It takes a lot to get an offender to jail these days with the trend being towards more community based sentences. Our friend was killed and the driver got a five-year sentence but would be up for parole in two years and eight months.

Those given jail sentences and who are in need of treatment usually receive this towards the end of their sentence and are then released back into the community with no serious thought given to their aftercare. The driver in our case left prison on one occasion and ended up living in a ditch; he re-offended in a very short space of time and was once again back in jail.

I don't believe I need to go into detail on why I believe drug courts work and to go on about statistics and figures, my research is freely available at www.drugcourts.co.nz for all to read for themselves.

My work also revealed the need for some offenders to be in jail to protect the public and I am an advocate of preventive detention for those where all other attempts, including drug court, have failed.
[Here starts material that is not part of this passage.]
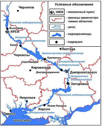 Na území Ukrajiny protéká řeka Dněpr v délce 980 km, z toho v přirozeném korytu pouze v délce 100 km. Celková plocha přehradních nádrží je 6 976 km². Narovnáním vodní cesty vybudováním umělých jezer se zkrátila celková délka řeky z přírodních 2 285 na 2 201 km. Většina přítoku pochází z plochy povodí horního Dněpru, úsek středního Dněpru (Kyjev – Záporoží) a dolního Dněpru (Záporoží – ústí) přijímá již málo větších přítoků. Průměrný průtok 1370 m³/s v Kyjevě se v ústí navýší pouze na hodnotu kolem 1600 m³/s. Kaskáda vodních děl pokrývá právě střední a dolní tok, kde lze určit průměrný průtok na hodnotě 1500 m³/s. Spád od hladiny nejvyšší (Kyjevské nádrže) po hladinu řeky pod posledním stupněm (Kachovská elektrárna) je 102 m. Maximální teoretická roční výroba je tak 13,5 miliardy kWh. Tuto hodnotu je třeba snížit zohledněním účinnosti a nezpracovatelných průtokových maxim.

The role of retribution is a valid one but not morally correct if all we are doing is ignoring the causes of the criminal activity and just punishing the individual crime.

So what then is the role of victims of crime? It is obvious that this is an individual response and for many an emotional one.

We believe that the loss of our friend must have great consequences as the pain and suffering of all who knew our friend was so great. We believe the greatest thing we can do is to attempt to reduce the chances of this happening to anyone else.

We are all potential victims and one hundred plus of us will die in alcohol related crashes this year. We don't know who it will be, or where it will happen? But it is going to happen.

I believe the Police, Judiciary and other Government departments who deal with offenders do a great job with the resources available to them but it is we the public, potential victims all, who should be the most motivated to lessening the chances of us becoming victims of crime. Let us get informed on what is really the most effective approach.

I have spent the last two years immersed in all aspects of the criminal justice system and the circumstances that led to our friend's death.

I have worked with the police at drink driving checkpoints, I have met and discussed treatment and rehabilitation with providers in New Zealand and have had meetings with all the related Government bodies. I have worked with experts from all around the world on related matters.

Returning to the proposed drug courts, I have been asked to join the Community Advisory committee of these courts and will do all I can to reduce the number of victims in New Zealand. The research from the drug courts is clear - they significantly reduce reoffending, and incidentally also save costs, they are the most researched court in the world.

Yes, we were happy to see the driver that killed our friend go to jail but we would have been happier if the causes of his offending had been dealt with properly many years ago, saving the country hundreds of thousands of dollars and our friend's life.